So many other books would struggle to achieve the depth of emotion covered in this one, with two or three times the number of pages.
“I once believed that life was a gift”
Is how the book opens, and the book is a much about Green’s journey back to that state, as much as it is anything else.
Fifteen year old, Green, is left at home to tend her families garden as her family head into the city, to trade their produce and shop for necessities.
Horrified she watches as that same city, explodes into a cloud of flames. dust and ash. In a moment her whole world changes, and she sinks into a depression so deep, that she becomes a different girl altogether, one who chops off her hair, starts to cover her body in tattoos, and hides behind clothing covered in thorns and nails. A girl she calls Ash.

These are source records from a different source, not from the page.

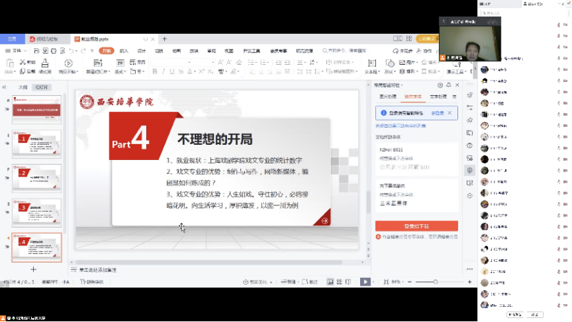 会议开始,周老师介绍了戏文专业的三个方向与就业前景,网络与新媒体的出现以及疫情的影响,目前传统的戏剧影视行业正在进行大的转型,就业方向也相应的发生了一些变化,出现了很多新的岗位,影视行业的就业前景可观,学生们需要改变传统的就业观,紧跟时代,使自己的未来就业有更加广阔的前途。
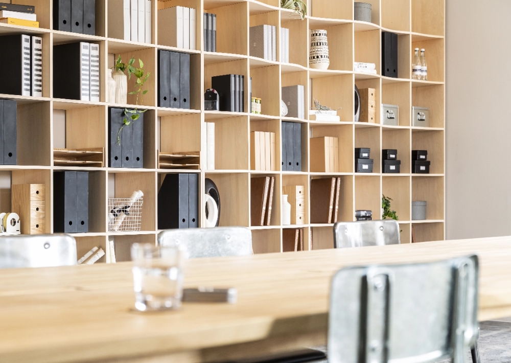 壁一面がすべて収納になるコーナー収納。壁一面が壁面収納になり、一体感のある空間ができあがります。両サイドにしっかりと壁となる板があるのが特徴的です。
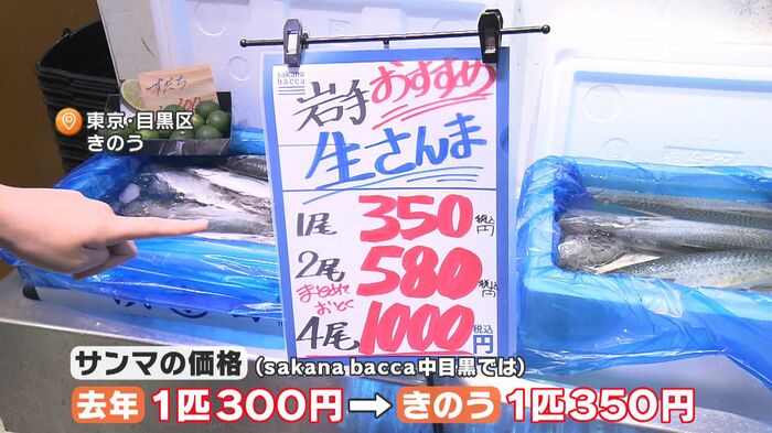 そのため、去年のこの時期は、1匹300円ほどだったというサンマを、9月17日には350円で販売。
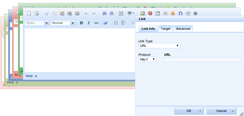 When rendering a <r:editor>, a textarea is rendered to the page and once the page is completely loaded (ready state), the textarea is enhanced using a CKEditor script and replaced with a full-featured WYSIWYG editor.
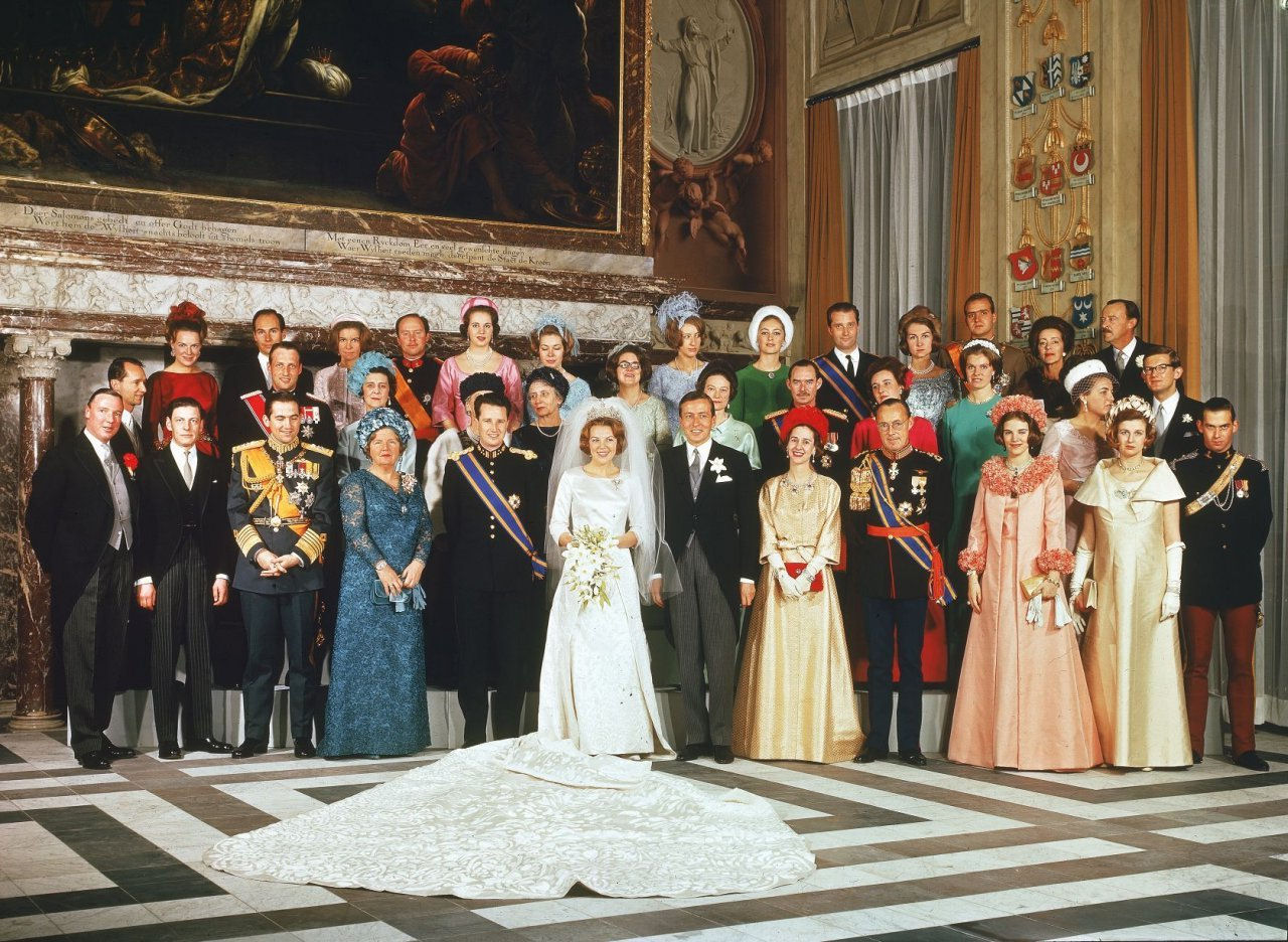 Huwelijksportret van Beatrix en Claus met hun gasten in het Paleis op de Dam in Amsterdam, 10 maart 1966, 1e rij v.l.n.r.: John Ambler (echtgenoot van Prinses Margaretha van Zweden), Angus Ogilvy (echtgenoot van Prinses Alexandra), Koning Constantijn van Griekenland, Koningin Juliana, Koning Boudewijn van België, het bruidspaar, Koningin Fabiola van België, Prins Bernhard, Koningin Anne Marie van Griekenland, Prinses Alexandra van Kent, Prins Michael van Kent; 2e rij: Prins Carel Hugo van Bourbon Parma (echtgenoot van Prinses Irene), Kroonprins Harald van Noorwegen, Prinses Marina (de Hertogin van Kent), Prinses Armgard zur Lippe Biesterfeld (de moeder van Prins Bernhard), Barones Gösta von dem Bussche-Haddenhausen (de moeder van Prins Claus), Prinses Christina, Groothertogin Joséphine Charlotte van Luxemburg, Groothertog Jan van Luxemburg, Prinses María del Pilar van Bourbon (Infante van Spanje), Prinses Margaretha van Zweden, Prinses Margriet, Mr. Pieter van Vollenhoven; 3e rij: Prinses Irene, Aga Khan Shah Karim al-Husseini, Prinses Irene van Griekenland, Prins Charles van Luxemburg, Prinses Benedikte van Denemarken, Prinses Christina van Zweden, Christina von Amsberg (zuster van Prins Claus), Prinses Paola van België, Prins Albert van België, Prinses Sophia van Griekenland (de echtgenote van Prins Juan Carlos), Prins Juan Carlos van Bourbon van Spanje, Prins Aschwin zur Lippe Biesterfeld (broer van Prins Bernhard) (© RVD / foto: Max Koot)
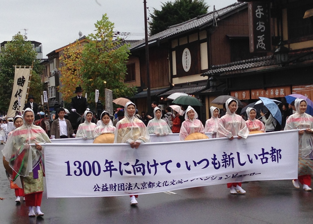 今日は、清水寺から三年坂~二年坂、どんどん北へ歩き円山公園を通って、ここ平安神宮が終点の「祇園祭」を見に来ました。生で観るのは初めてですが、鮮やかな衣装での行列に魅入っていました。小雨の中の行進はご苦労も多かったろうと思います。馬さん達も「うんち」しながらの長時間の行進、お疲れさんでした。来年は晴れるように願っています。是非ご観覧ください。
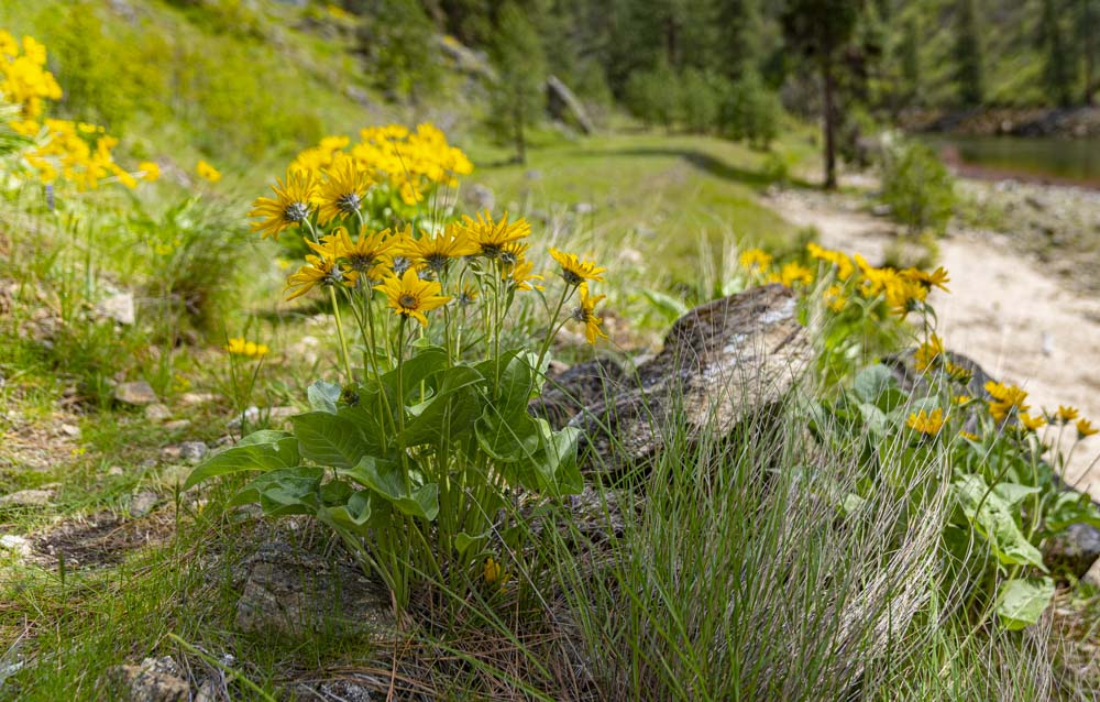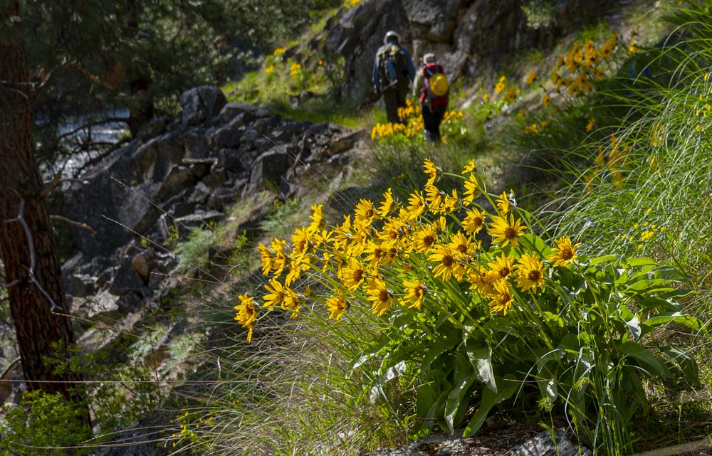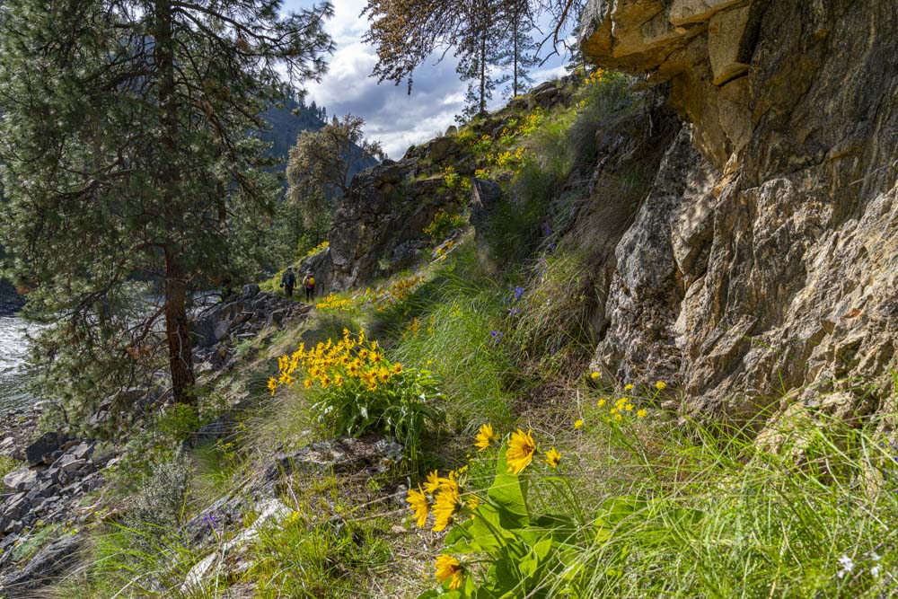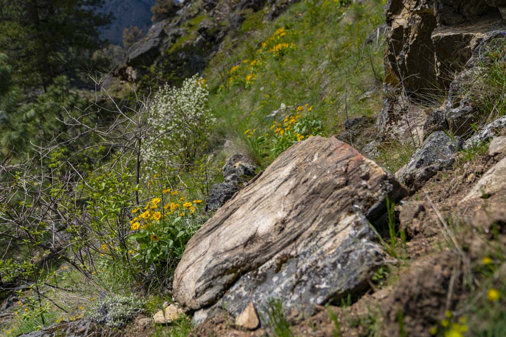 This rock was in the trail so we deployed our leg push method to remove the obstacle. Joe and Amber were in place to push and I asked them not to crush the flowers just below the rock.

She tries to shut herself off from the world around her, hide behind the armour of thorns she has created, but that world isn’t quite ready to let her go, and a series of mysterious encounters starts to draw her back to some sort of life.
An incredible little book that’ll drop you in the midst to the deepest pain, and draw you right back out again, filling you with hope. Definitely one that’ll stay with you long after you’ve finished it.
If Green Angel was about coming back to yourself, from the deepest dark corner of your life, then Green Witch, is about coming to terms with just who that ‘self’ is.
We learn more about what and who happened to the city, the event that led Green to the place she’s at in her life now.
Better than she was, but still alone in the world and with too much to despair about, she must set out to face her world head on, and discover that love is indeed the most powerful force in the world, conquer that which is holding her back, and accept everything that she is (and is not).
Once again, Hoffman achieves amazing depths in relatively few pages, whilst Green starts this part of her journey in a much better place than in Green Angel, it’s no less moving for it.
This next bit is a slight spoiler, so feel free to skip the this paragraph, Green does get her happy ending, she knows who she is and is reunited with her love, but thankfully this is also an ending that is rooted firmly in the journey that has led to it. It’s a warm ending, but one that doesn’t forget the price paid. Which makes it all the more satisfying.
There’s always a chance that sequels to books that were written as stand-alones, mar the specialness of the original, thankfully that is not the case with this one. It feels great to see Green’s journey though to its conclusion, and you’ll be just as moved this time around.